Attachment of earnings order
Typically, this applies to an individual who is employed, but it can also apply to private pensions. They are directed to deduct from the person’s wages or salary by their employer.
Third-party debt order
At this point, the court mandates a freeze on funds held by an individual, corporation, or organization that could otherwise be paid to someone you have ruled guilty of. In such cases, Debt Collection procedures are often involved to secure the owed amounts. The owner of the funds is considered a third party and cannot withdraw the money until the court determines whether it should be paid in whole or in part. By combining legal oversight with professional Debt Collection practices, SARDAR KHAN & CO ensures that funds are properly managed, disputes are minimized, and the rights of all parties are protected efficiently and transparently.
Charging order
When the court charges a “charge” on the debtor’s property, it equals the amount you are in default on. The property could be a house, money, stocks, or shares. A charging order doesn’t require the debtor to sell their property, but if they do, they must pay you before they can claim the remaining amount from the sale.
Receiver for an equitable execution
When the methods mentioned above fail to repay your debt, you have the option to request a court-appointed receiver for an equitable execution. To repay you, the receiver collects money that the debtor is due, such as rent. Getting legal counsel before pursuing a receivership is crucial to understanding its suitability for your business. Please see below.
Winding up or bankruptcy
If the customer is insolvent, a bankruptcy or winding-up petition can be filed to put the business on hold.
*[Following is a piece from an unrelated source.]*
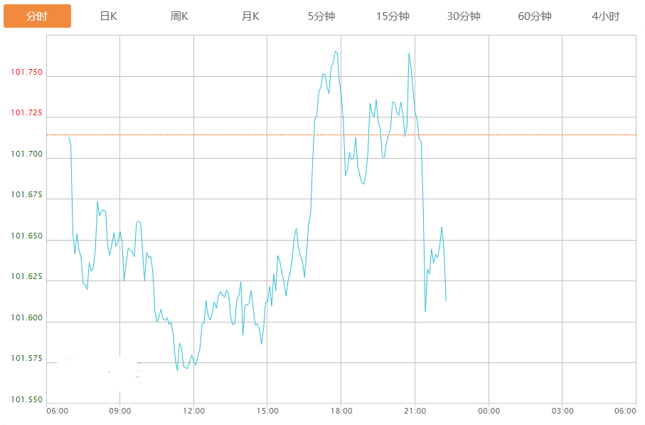 截至目前,美元指数下跌0.10%,报101.614。

Winding up and bankruptcy petitions
The majority of suppliers, investors, and staff endeavour to claim their money. Instead of doing so, you can opt for a winding-up petition or bankruptcy petition.
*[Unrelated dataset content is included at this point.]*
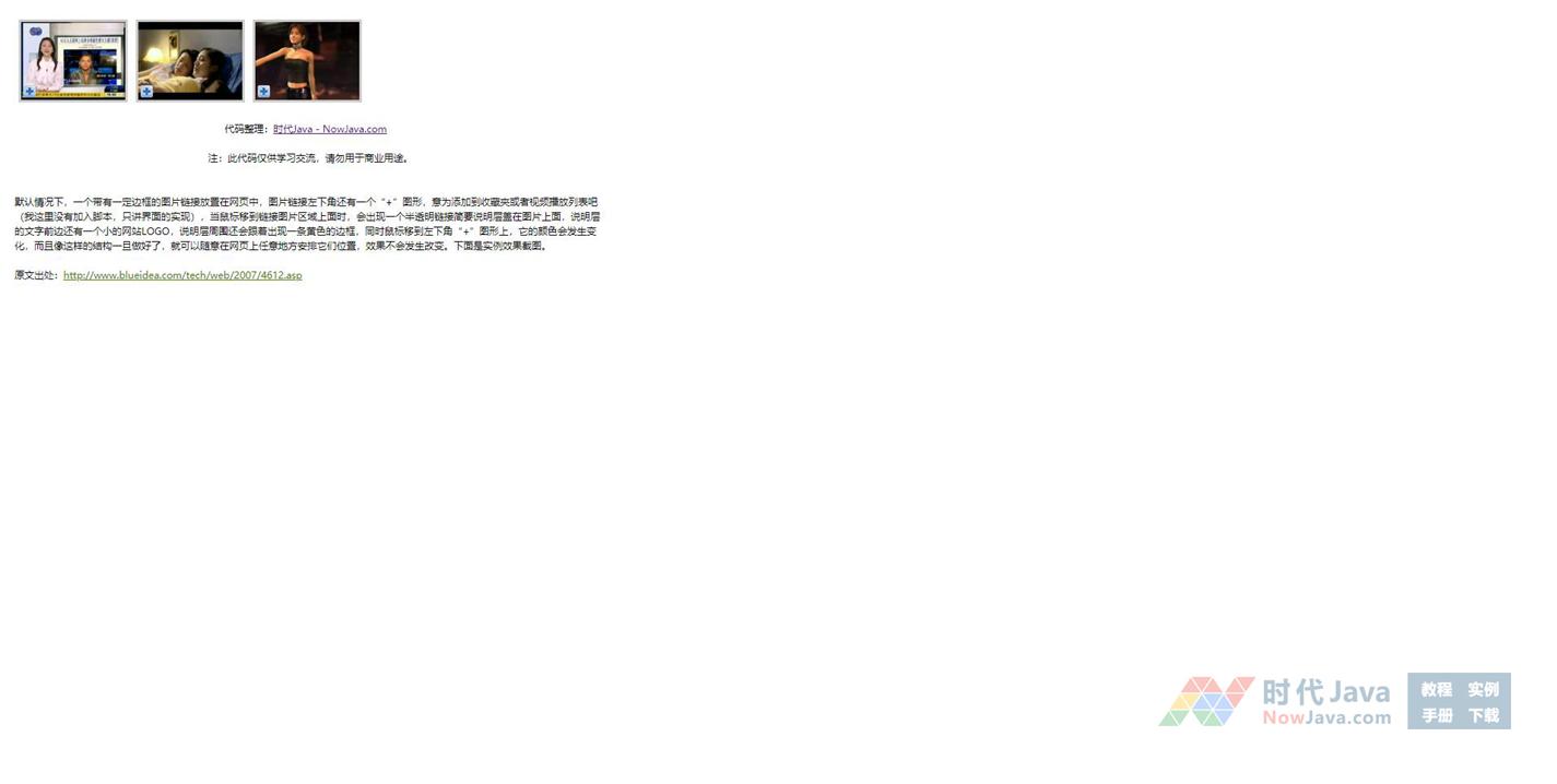 默认情况下,一个带有一定边框的图片链接放置在网页中,图片链接左下角还有一个“+”图形,意为添加到收藏夹或者视频播放列表吧(我这里没有加入脚本,只讲界面的实现),当鼠标移到链接图片区域上面时,会出现一个半透明链接简要说明层盖在图片上面,说明层的文字前边还有一个小的网站LOGO,说明层周围还会跟着出现一条黄色的边框,同时鼠标移到左下角“+”图形上,它的颜色会发生变化,而且像这样的结构一旦做好了,就可以随意在网页上任意地方安排它们位置,效果不会发生改变。下面是实例效果截图。

After a claim has been won, you can also attempt to enforce judgment and get your money back by winding up or filingfor bankruptcy. Unpaid taxes and salaries take precedence over other debts based on any available funds of the debtor.
How winding up works
That is not for an individual; it’s for a company.
Once the company is wound up, it shuts down permanently.
Insolvency entails that some creditors may not receive full payment.
Each creditor is entitled to a percentage of their owed amount as per the regulations.
How bankruptcy works
A person or a general partnership may be declared bankrupt. A general partnership results in the bankruptcy of all partners.
The sale of the assets results in the payment of dues to outstanding debtors.
A percentage of the amount owed is given to each creditor.
The threat and how it works
The threat of winding up or going bankrupt is frequently a powerful warning sign. Why? If the customer is not paying, you could opt to take the following actions:
Legal stationers or solicitors must make a statutory demand and deliver it to the customer, preferably by hand.
A specific number of days is allotted for the customer to pay or respond upon receipt.
If they fail to do so, you can file a winding-up petition or bankruptcy petition.
By following proper procedures, you will wind up or make the customer.
Despite the petition, you may not receive priority in terms of receiving the money that comes your way.’
Before acting, it is advisable to consult with an attorney and only proceed when the money is clearly due.
Filing an action involves paying fees, which will be added to the amount owed by court. But this is not a guarantee that you get your money back.
As a final measure, if the debt exceeds Rs. 200,000, Such proceedings can be costly.
Appointing a liquidator or trustee
If a business is liquidated or someone declares bankruptcy, it may need to have the services of judicial agents such as prosecutors and accountants.
The money that is recovered from insolvency practitioners is often accompanied by additional fees, and you may need to ensure that the funds are sufficient.